PwC is in regular contact with 100 or so different hedge funds, private equity funds and other credit buyers now examining the loan market. "These are investors with different skill sets than we have seen in the past to maximize returns from performing portfolios," says Thompson. He adds: "I have a certain faith that where there is demand for a given type of financing, someone in the market will be willing to supply it. Are we going to see different providers of new loans in future, from the shadow banking system? That may well happen."

One European bank CFO agrees and adds: "Some of the portfolios we are selling are good quality and there is plenty of demand for them. The only reason we are selling is that we are no longer getting recognition for portfolio hedges but we are having to pay higher counterparty credit charges on those hedges."

It’s no longer economic for banks to do traditional business, especially as their cost of funding and requirement to match fund with longer-term liabilities increases. A specialist portfolio manager at a credit fund adds: "As it becomes more expensive for banks to raise capital either the cost of borrowing goes up substantially or it may make more sense for better-quality assets to be held outside the banking system."

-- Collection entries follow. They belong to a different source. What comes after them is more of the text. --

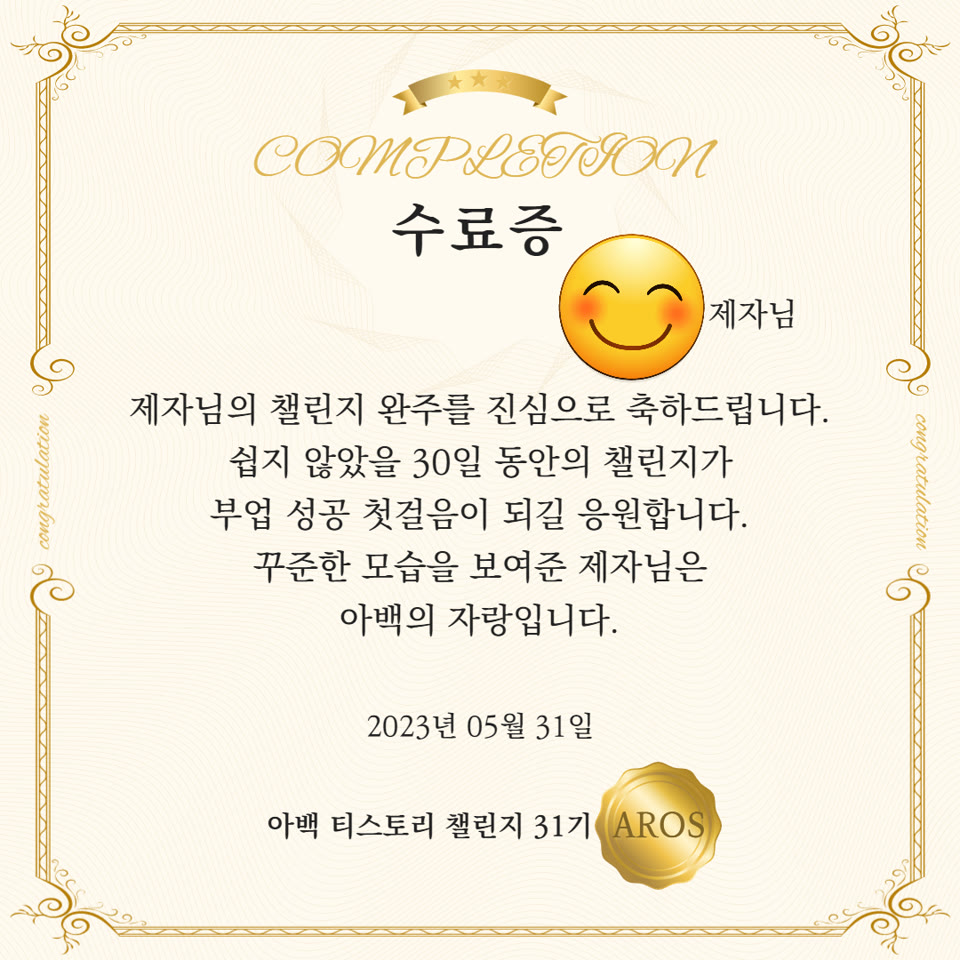 3. 아백 티스토리 챌린지 수료증
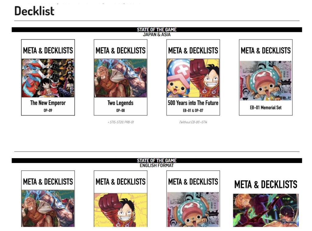 A nemzetközi szinten játszott TCG-k esetében óriási fegyvertény, hogy bődületes mennyiségű információ és statisztika áll rendelkezésre, melyek objektív, tényszerű támaszt tudnak adni a megérzésen, de jobb esetben is csupán személyes tapasztalatokon alapuló gondolatokkal szemben. Leegyszerűsítve: nagy mintán nemcsak az rajzolódik ki jobban, hogy mik a jó paklik, hanem az is, hogy miként kell azokat összerakni. A One Piece Card Game ilyen szempontból még egy extra csavart is tartogat, hiszen Japánban egy szettel korábban tart a játék, így nyugatra kis túlzással “megoldott” meta érkezik mindig – később azért ki fogunk térni arra, hogy ez nem feltétlenül igaz. (“Solved” metának nevezzük azt, amikor már egyértelműen beálltak az erőviszonyok egy adott játékkörnyezetben.)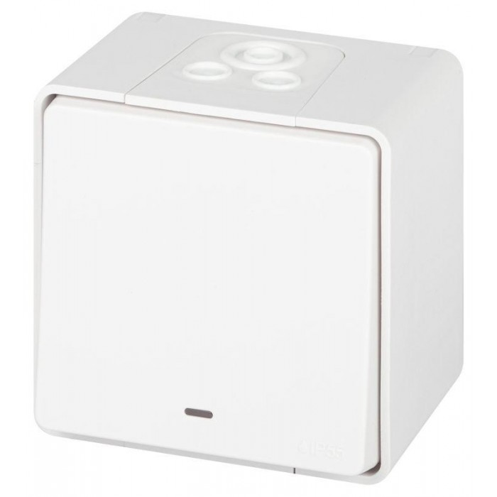 Выключатель влагозащищённый 1-клавишный с подсветкой серии Эра Эксперт накладн IP55 цвет белый 11-1502-01 открытой установки. Номинальные характеристики 10А 250В. Выполнен из качественного поликарбоната, оснащён уникальн...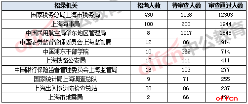 报名通过审核人数前十的职位主要集中在国家税务总局上海市税务局、中国民用航空局华东地区管理局等部门,具体信息如下: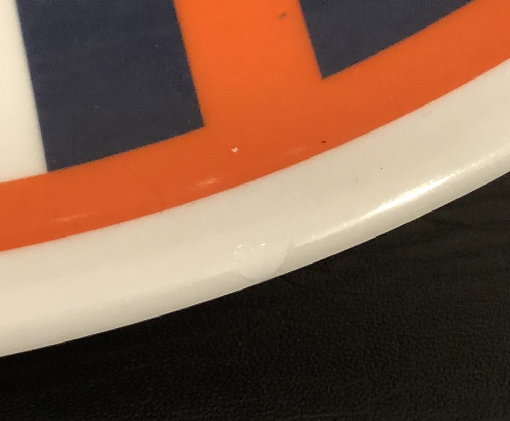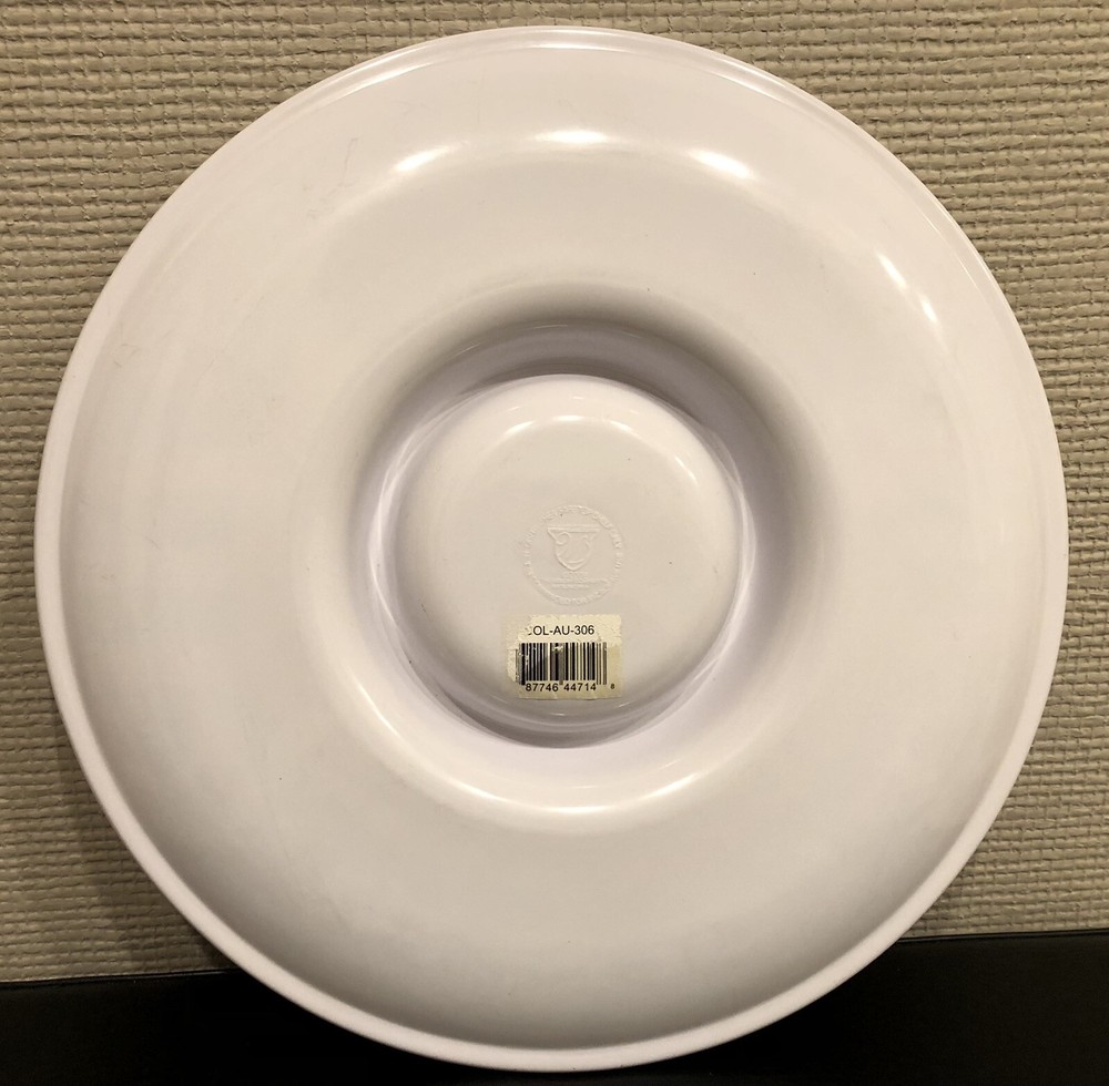Hard plastic tray is in very good minimally used condition. Small superficial chip on rim and minor scuffs/smudges from use. Otherwise, no holes, cracks or other chips. Measures 12" in diameter. Dishwasher safe, top shelf only. Not recommended for microwave use. PLEASE READ CAREFULLY Payment is due within 48 hours unless prior arrangements have been made between the seller and buyer. If no payment is received within this time-frame, the item(s) will be subject to cancellation and relistment. As a result, eBay will be notified of the cancellation due to nonpayment. I would like to avoid all this, so please pay promptly. Shipping is within 3 business days. Shipping outside the U.S. to pre-designated locations only and via eBay's Global Shipping Program. Your address must match the eBay address. Not responsible for uninsured items or damage during shipping. I will combine shipping and handling for multiple item purchases, unless the items must be shipped separately. Shipping service used is at seller's discretion (USPS Economy, First Class, Media, Parcel, or Priority Mail; UPS or FedEx) with delivery confirmation. If electing a specific shipping service or an upgrade, please e-mail me to finalize total shipping prior to making payment. See Shipping D etails . If you purchase a "Used" or "Preowned" or an otherwise not "New" item, you agree that the item is considered "As Is" and there is no return or refund on the item unless the item was misrepresented in the description (details or other information in the listing did not reasonably match the actual item), or otherwise specified. Returns on a "New" item only if the item is defective or was misrepresented in the description. P lease understand that a "Used" or "Preowned" item is not "New" and may have unique and peculiar normal wear issues from usage and handling (such as scuffs, smudges, stains, holes, tears , frays, marks, missing parts or other damage). I n addition, keep in mind that photographs do not always capture the exact color, hue, shade or texture of an item due to lighting conditions such as glare, and individual camera capabilities. Lastly, I make every effort to identify and honestly and accurately describe the condition of an item to the best of my ability, to include any specific details (good or bad) that I am aware of. I As such, I do not deliberately omit, embellish or otherwise mislead as to the condition of an item. But, I am human and any missed discrepancies are not intentional. Therefore, please read the description and view the pictures carefully, research any item, and ask questions to ensure the item meets your needs prior to purchasing the item. I have been buying and selling on eBay for 18 years and have a 100% feedback rating. Why? Because I'm customer service-oriented. I strive to be courteous, fair, and honest and would like the same consideration. I understand that communication is the key to a good transaction and I realize that unexpected things come up. So please contact me if you have any concerns before or after the sale. Please allow me the opportunity to resolve any issues to the satisfaction of both parties before feedback is left on either end or a return request is initiated. Please see my eBay store for other great items. Thank you.

Bankers predict that these run-offs and disposals are part of a painful process of dealing with the crisis just passed that also included absorbing more provisions and write-downs that will depress returns on equity and potentially pave the way for substantial consolidation in the banking system as its capacity reduces. Is that a desirable outcome? Roldán says: "Yes if it’s consolidation of a fragmented and weak part of the sector. In Spain it’s viewed as good that we are moving from 45 to 16 savings banks. But if we have more systemically important financial institutions in Europe than now in 10 years’ time, then that is not good and we need to structure incentives to forestall that."

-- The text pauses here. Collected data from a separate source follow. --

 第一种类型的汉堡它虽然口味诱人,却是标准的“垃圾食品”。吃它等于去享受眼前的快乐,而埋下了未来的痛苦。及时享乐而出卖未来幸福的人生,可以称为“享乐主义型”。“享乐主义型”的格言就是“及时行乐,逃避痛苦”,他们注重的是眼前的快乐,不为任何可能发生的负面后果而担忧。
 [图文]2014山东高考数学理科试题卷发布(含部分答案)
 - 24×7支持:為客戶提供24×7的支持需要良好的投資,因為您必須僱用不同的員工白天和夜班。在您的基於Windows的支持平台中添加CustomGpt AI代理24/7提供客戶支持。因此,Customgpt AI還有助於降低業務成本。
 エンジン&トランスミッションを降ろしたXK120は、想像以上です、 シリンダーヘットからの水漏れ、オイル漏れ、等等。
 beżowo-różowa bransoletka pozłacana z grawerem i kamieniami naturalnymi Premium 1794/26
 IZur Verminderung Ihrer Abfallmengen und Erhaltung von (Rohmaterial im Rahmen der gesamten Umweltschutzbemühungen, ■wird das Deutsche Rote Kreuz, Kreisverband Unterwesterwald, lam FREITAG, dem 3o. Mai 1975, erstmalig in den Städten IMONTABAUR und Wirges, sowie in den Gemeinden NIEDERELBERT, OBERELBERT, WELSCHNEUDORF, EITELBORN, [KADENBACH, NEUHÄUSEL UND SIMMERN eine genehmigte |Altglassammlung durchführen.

"I am not aware of any time before when there have also been so many distressed but still performing loans, and even fully performing non-core loans potentially available for sale"
 
Richard Thompson, PricewaterhouseCoopers

Meanwhile, it’s worth recalling the key role of unregulated mortgage originators in accruing the badly underwritten sub-prime housing loans that precipitated the financial system crisis in the US. Money-market mutual funds, bank-like but not regulated like banks, were central to the panic that spread at the end of 2008 and start of 2009. Roldán is keenly aware of the potential for the unregulated system to grow. "If you are a hedge fund or other type of fund extending credit and engaging in maturity transformation of short-term liabilities into long-term loans, then you are a bank, but one without access to central banks and that’s potentially quite dangerous." He adds: "The good news is that the Financial Stability Board will be conducting more monitoring of risk and vulnerabilities within the financial system as a whole." He wants the banks to help this process by blowing the whistle. "I am afraid that dialogue with the banking industry has been a disaster over the past two years as banks have told us they think Basle III will end the world and we’ve replied that we think it will save the world. In future, we need the international bank with operations in many countries to report what it sees where the playing field is unlevel and risks are emerging."

Roldán admits to Euromoney: "We lack a lot of information on the shadow banking and financial system and it may be difficult to disentangle the interconnectedness to the regulated system." Is it a bad thing that it looks likely to grow as a result of Basle III rules and by the deleveraging those rules are now encouraging? Roldán says: "If credit risk ends up with a final investor that can absorb potential losses, then that is fine. But it may be worse if it goes from banks to other financial intermediaries running a maturity mismatch and with a systemic relevance to other financial institutions. The problem is that we don’t know."

It would seem a good idea for regulators to try to find out.